#### [YOUR GOAL]
Print the lines in the listing below starting at the line with "如今的哈登或许已不如巅峰时期" and ending at the line with "Cette boîte de", both included. Reproduce them exactly and omit every picture.

#### [DATASET ENTRIES]
☆ ☆ ☆

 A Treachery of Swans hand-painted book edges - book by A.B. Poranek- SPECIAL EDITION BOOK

☆ ☆ ☆

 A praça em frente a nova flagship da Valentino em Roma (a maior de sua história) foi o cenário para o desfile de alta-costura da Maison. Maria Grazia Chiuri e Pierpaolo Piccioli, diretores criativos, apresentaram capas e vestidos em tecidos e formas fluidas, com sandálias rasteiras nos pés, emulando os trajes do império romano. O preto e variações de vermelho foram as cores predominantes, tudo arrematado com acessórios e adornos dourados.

☆ ☆ ☆

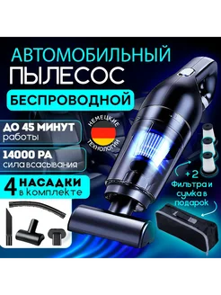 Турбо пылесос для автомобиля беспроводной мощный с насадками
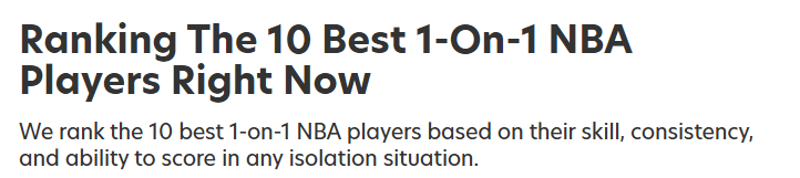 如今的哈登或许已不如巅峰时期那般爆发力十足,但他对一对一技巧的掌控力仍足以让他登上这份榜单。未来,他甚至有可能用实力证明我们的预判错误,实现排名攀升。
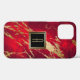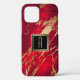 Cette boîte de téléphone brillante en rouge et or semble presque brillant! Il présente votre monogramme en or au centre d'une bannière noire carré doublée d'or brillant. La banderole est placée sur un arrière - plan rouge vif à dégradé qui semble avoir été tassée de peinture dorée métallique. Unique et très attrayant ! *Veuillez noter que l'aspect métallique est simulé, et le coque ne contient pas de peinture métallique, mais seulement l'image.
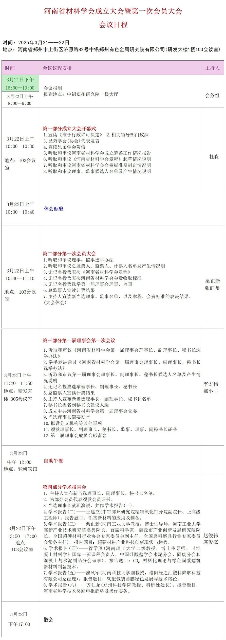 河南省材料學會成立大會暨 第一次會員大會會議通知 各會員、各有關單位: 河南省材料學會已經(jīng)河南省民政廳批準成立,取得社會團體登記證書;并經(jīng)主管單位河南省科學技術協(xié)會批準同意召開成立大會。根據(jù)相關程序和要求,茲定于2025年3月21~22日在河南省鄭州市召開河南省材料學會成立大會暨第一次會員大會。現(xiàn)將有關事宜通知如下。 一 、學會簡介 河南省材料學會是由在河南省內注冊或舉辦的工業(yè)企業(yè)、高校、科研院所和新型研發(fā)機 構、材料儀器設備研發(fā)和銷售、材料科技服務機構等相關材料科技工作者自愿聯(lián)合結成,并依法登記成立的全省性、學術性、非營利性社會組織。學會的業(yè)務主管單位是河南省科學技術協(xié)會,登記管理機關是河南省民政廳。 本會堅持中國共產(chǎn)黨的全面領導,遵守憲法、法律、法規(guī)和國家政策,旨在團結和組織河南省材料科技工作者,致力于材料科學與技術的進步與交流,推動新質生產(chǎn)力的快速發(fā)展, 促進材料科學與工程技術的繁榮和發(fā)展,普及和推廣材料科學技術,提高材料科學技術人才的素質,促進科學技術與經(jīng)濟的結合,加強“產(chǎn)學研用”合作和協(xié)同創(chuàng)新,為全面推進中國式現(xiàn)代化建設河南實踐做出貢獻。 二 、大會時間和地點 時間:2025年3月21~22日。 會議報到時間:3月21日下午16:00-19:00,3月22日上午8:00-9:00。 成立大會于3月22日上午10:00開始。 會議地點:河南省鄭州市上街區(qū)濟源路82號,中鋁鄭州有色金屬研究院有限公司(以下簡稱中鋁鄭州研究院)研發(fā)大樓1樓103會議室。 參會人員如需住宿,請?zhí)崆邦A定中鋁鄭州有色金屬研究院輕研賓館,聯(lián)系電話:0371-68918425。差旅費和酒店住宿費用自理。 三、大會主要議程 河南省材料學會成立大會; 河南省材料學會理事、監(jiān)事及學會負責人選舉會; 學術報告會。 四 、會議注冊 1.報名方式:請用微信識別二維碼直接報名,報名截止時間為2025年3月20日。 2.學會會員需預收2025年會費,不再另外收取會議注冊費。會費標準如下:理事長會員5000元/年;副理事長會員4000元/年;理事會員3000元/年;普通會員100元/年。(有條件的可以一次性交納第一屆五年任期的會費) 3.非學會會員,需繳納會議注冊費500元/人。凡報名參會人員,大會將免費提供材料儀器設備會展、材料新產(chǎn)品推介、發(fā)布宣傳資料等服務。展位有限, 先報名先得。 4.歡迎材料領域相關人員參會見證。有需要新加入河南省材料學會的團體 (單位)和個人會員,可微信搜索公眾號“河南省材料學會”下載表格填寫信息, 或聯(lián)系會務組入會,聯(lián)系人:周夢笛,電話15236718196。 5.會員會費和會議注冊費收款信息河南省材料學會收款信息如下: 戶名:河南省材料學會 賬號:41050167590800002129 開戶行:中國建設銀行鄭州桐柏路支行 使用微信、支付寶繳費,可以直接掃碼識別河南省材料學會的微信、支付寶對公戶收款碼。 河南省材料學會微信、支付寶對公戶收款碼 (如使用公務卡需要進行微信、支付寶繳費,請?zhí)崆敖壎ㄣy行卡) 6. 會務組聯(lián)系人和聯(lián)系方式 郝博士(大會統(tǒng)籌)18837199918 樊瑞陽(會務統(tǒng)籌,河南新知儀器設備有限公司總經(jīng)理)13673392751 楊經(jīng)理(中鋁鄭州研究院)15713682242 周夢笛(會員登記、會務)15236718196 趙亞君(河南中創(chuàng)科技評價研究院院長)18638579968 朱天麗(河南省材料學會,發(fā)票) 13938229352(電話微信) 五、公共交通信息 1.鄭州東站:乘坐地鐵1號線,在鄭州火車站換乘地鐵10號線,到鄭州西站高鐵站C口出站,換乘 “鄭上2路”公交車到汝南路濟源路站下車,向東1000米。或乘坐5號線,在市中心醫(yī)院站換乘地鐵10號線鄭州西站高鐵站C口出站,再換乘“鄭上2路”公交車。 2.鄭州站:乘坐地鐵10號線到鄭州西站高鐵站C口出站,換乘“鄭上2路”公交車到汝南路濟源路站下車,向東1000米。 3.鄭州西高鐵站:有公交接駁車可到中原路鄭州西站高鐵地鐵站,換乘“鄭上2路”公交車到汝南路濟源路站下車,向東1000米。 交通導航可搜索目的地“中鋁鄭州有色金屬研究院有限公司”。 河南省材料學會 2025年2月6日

☆ ☆ ☆

#### [WRITTEN ANSWER]
 如今的哈登或许已不如巅峰时期那般爆发力十足,但他对一对一技巧的掌控力仍足以让他登上这份榜单。未来,他甚至有可能用实力证明我们的预判错误,实现排名攀升。
 Cette boîte de téléphone brillante en rouge et or semble presque brillant! Il présente votre monogramme en or au centre d'une bannière noire carré doublée d'or brillant. La banderole est placée sur un arrière - plan rouge vif à dégradé qui semble avoir été tassée de peinture dorée métallique. Unique et très attrayant ! *Veuillez noter que l'aspect métallique est simulé, et le coque ne contient pas de peinture métallique, mais seulement l'image.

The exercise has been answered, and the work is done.